El orden del día

Éric Vuillard
Éric Vuillard

En las infinitas listas de libros del 2018 se repite una obra que no se deja deslumbrar por el brillo de la historia. Se acerca a las juntas de los azulejos para mostrar la mugre más vulgar. Barre de las esquinas ese polvo que no parece digno del mármol. Es El orden del día, de Éric Vuillard. Lectura obligada en días inflamados, en momentos ebrios de las glorias del pasado y las promesas del futuro. Perfecta para ver de otra forma, por ejemplo, la investidura de Jair Bolsonaro. Vuillard, sutil y afilado como una aguja venenosa, es un antídoto contra los salvadores de la patria y la patria misma. Hace emerger las miserias que se ocultan tras el cortinón de la épica. Presenta la cocción de la Segunda Guerra Mundial como una sopa de intereses, apariencias y mediocridad. Señores con buenos modales y malas compañías. Comienza con una reunión de industriales alemanes que ofrecen su bendición a la causa nazi para cobrársela después en mano de obra esclava. Recrea el almuerzo interminable de Neville Chamberlain y Joachim von Ribbentrop, conversando sobre tenis y degustando macarons mientras los alemanes se anexionaban Austria.

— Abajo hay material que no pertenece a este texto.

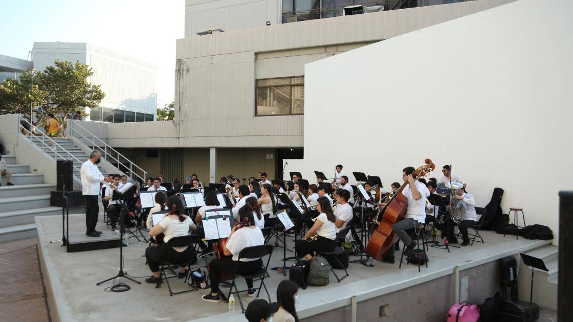 Bajo la dirección del maestro Baltazar Hernández Cano, los alumnos de la Escuela Superior de Música del Isic abrieron la cálida tardeada con la pieza Obertura Mexicana, con música popular con arreglos de Merle John Isaac, a la cual siguió el famoso danzón Nereidas, de Amador Pérez Torres.
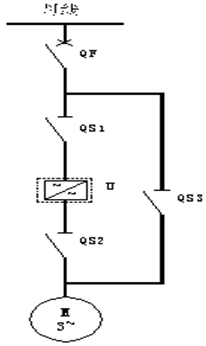 通過咨詢和現(xiàn)場分析,決定采用一拖一手動(dòng)旁路方案:主回路由負(fù)荷開關(guān)QF、3個(gè)高壓隔離開關(guān)QS1、QS2和QS3及高壓變頻器組成(如圖3)。其中要求QS2和QS3不能同時(shí)閉合,在機(jī)械上實(shí)現(xiàn)互鎖。高壓隔離開關(guān)QS1、QS2、SQ3加裝電磁鎖,電磁鎖的操作電源使用QF的輔助觸點(diǎn)閉鎖。只有當(dāng)QF斷開時(shí),QS1、QS2、SQ3的電磁鎖才能得電,可以正常操作。在變頻運(yùn)行時(shí),QS1和QS2閉合,QS3斷開,變頻器得電啟動(dòng)后,電機(jī)處于變頻運(yùn)行狀態(tài);工頻運(yùn)行時(shí),QS3閉合,QS1和QS2斷開,QF閉合后,電機(jī)實(shí)現(xiàn)工頻直接啟動(dòng),恢復(fù)改造前的運(yùn)行狀態(tài)。

Reproduce la conversación en la que Hermann Göring dice que hay que colocar a su cuñado de ministro en Viena. Recuerda que el avance de las tropas sobre el territorio austríaco fue un fiasco de atascos maquillados por la propaganda nazi. E incide en el papanatismo de casi todos, incluido el canciller de Austria Kurt von Schuschnigg. A Vuillard le sorprende «el inaudito triunfo de la desfachatez. El mundo se rinde ante el bluff. Incluso el mundo más serio, más rígido, incluso el viejo orden, aunque nunca cede cuando se exige justicia, aunque nunca se doblega ante el pueblo que se subleva, sí se doblega ante el bluff».